Write out exactly, and only, the lines below from the line with "Today was the" through the line with "Пакет подарочный новогодний"; pictures do not belong in the copy.

### SOURCE MATERIAL
-- Opening Marker --
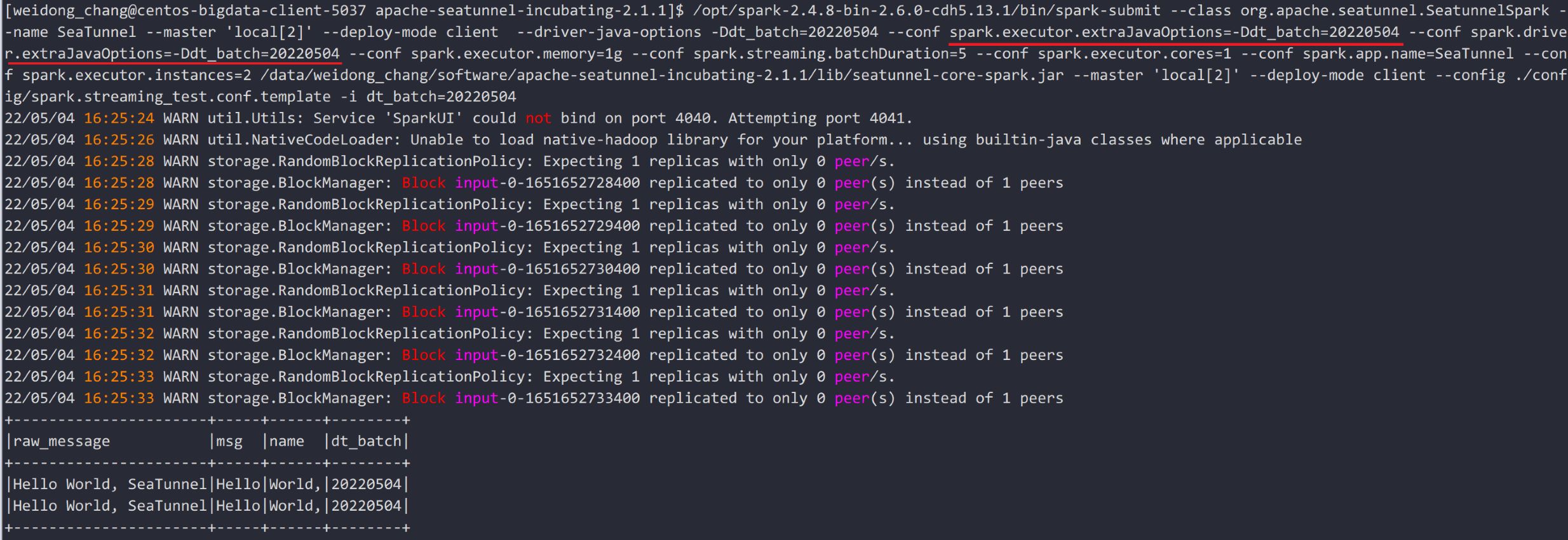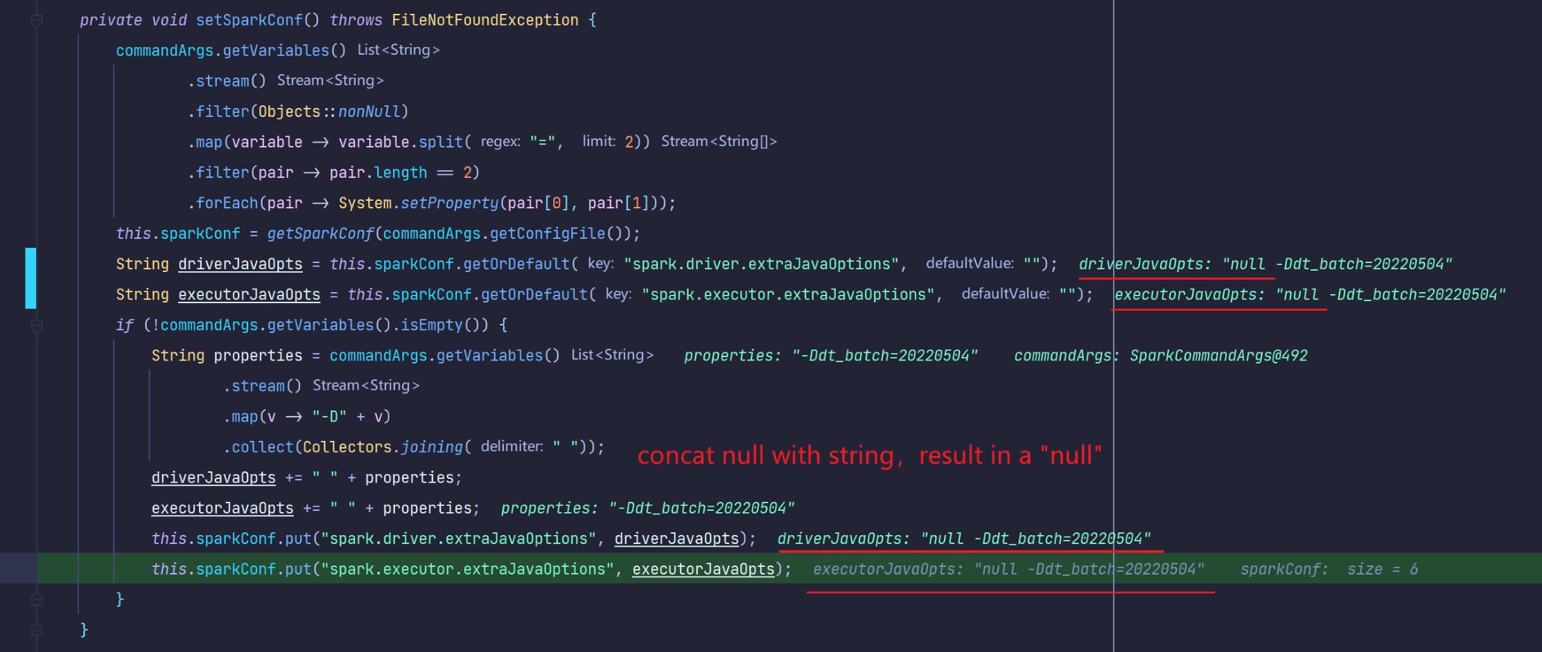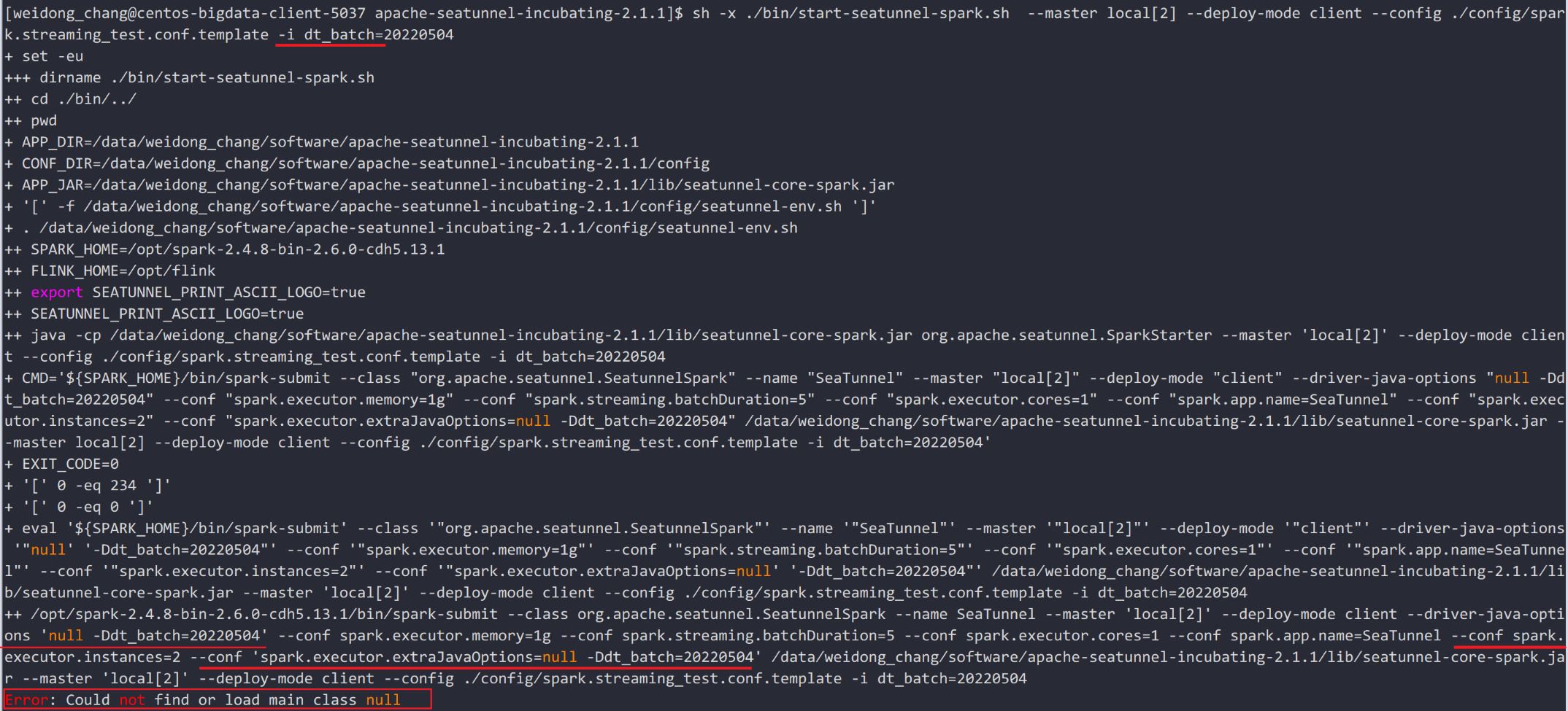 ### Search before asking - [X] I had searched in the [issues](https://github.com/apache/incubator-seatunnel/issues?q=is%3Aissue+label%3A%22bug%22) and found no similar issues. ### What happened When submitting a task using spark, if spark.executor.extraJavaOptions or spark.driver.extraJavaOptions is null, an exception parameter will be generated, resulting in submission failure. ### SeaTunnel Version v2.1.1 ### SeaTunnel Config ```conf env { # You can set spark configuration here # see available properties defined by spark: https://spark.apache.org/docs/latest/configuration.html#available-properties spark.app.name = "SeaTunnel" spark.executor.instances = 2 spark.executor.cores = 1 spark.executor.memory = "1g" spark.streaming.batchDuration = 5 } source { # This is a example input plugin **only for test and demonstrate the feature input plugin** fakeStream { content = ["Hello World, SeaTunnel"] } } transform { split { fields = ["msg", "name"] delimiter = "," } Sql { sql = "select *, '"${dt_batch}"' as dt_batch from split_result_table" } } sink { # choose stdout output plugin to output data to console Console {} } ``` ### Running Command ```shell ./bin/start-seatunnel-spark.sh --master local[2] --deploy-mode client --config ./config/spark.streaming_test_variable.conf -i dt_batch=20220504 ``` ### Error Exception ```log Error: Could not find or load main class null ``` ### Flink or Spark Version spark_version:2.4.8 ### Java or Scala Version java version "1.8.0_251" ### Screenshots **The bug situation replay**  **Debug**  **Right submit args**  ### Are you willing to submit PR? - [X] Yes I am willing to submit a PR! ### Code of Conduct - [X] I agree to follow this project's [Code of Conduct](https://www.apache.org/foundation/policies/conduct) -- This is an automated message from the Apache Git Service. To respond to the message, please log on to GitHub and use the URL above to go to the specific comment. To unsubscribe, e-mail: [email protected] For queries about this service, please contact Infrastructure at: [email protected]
-- Closing Marker --
-- Opening Marker --
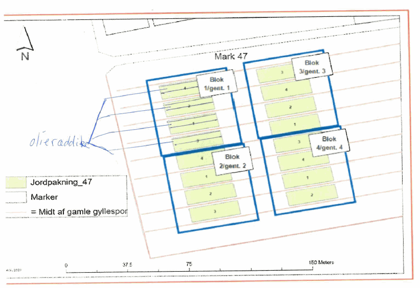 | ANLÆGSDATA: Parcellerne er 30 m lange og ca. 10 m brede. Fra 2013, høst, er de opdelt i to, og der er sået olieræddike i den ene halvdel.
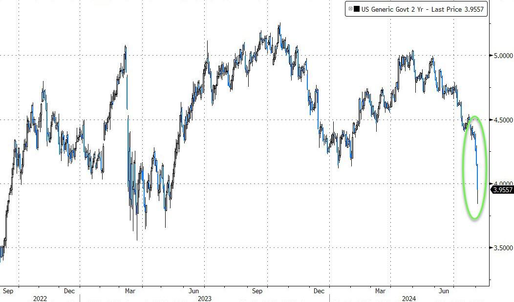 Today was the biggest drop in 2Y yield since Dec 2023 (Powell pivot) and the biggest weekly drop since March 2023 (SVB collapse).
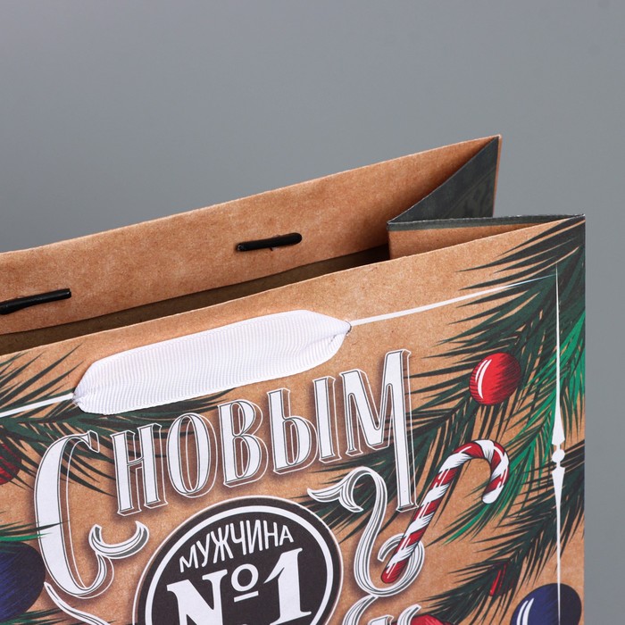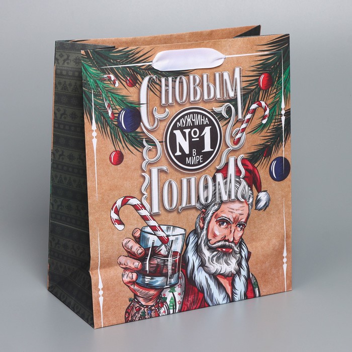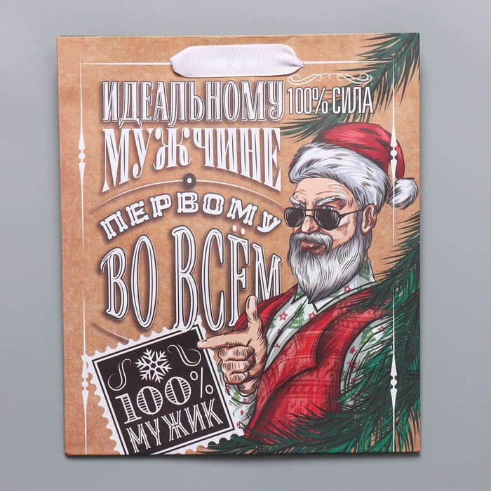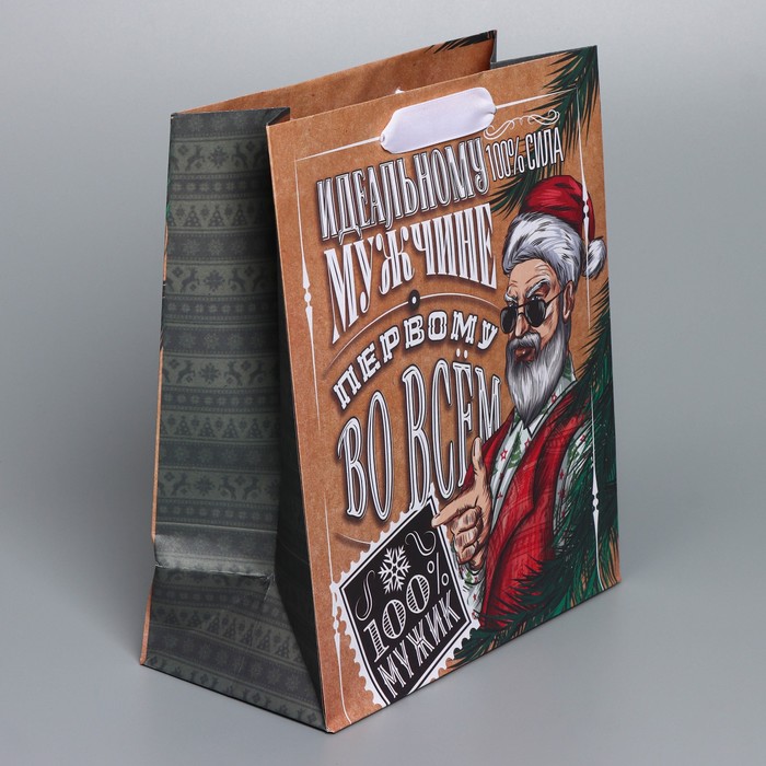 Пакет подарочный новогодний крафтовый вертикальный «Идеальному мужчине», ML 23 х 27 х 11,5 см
-- Closing Marker --
-- Opening Marker --
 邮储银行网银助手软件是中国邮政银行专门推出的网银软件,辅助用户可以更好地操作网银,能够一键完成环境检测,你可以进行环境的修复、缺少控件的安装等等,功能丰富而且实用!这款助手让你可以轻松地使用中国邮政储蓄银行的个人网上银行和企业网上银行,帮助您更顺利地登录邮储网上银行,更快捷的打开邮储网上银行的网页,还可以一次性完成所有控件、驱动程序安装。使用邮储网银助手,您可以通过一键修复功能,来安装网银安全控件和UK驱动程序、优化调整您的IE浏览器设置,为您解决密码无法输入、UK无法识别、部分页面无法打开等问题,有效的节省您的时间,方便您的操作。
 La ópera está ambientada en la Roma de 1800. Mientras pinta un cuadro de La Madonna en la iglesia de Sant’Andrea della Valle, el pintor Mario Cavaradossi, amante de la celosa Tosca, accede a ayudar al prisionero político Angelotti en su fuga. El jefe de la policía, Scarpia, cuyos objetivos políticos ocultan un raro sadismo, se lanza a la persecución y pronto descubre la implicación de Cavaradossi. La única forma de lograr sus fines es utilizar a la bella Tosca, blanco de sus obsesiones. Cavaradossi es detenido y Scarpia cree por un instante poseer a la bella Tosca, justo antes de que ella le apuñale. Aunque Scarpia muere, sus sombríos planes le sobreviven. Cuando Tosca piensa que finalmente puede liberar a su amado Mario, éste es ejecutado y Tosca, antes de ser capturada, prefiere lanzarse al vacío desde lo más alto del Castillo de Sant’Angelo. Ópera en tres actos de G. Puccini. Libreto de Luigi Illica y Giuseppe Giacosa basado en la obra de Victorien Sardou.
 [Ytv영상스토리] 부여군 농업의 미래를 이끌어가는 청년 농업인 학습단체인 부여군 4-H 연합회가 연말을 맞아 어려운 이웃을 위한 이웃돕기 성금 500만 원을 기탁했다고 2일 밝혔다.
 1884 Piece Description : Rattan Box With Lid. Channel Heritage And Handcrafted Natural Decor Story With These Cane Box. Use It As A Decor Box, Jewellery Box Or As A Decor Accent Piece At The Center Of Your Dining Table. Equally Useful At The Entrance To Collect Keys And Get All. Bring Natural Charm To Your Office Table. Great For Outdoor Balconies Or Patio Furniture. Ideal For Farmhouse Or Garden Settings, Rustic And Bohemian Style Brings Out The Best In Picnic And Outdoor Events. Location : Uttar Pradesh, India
-- Closing Marker --
### EXPECTED ANSWER
 Today was the biggest drop in 2Y yield since Dec 2023 (Powell pivot) and the biggest weekly drop since March 2023 (SVB collapse).
 Пакет подарочный новогодний крафтовый вертикальный «Идеальному мужчине», ML 23 х 27 х 11,5 см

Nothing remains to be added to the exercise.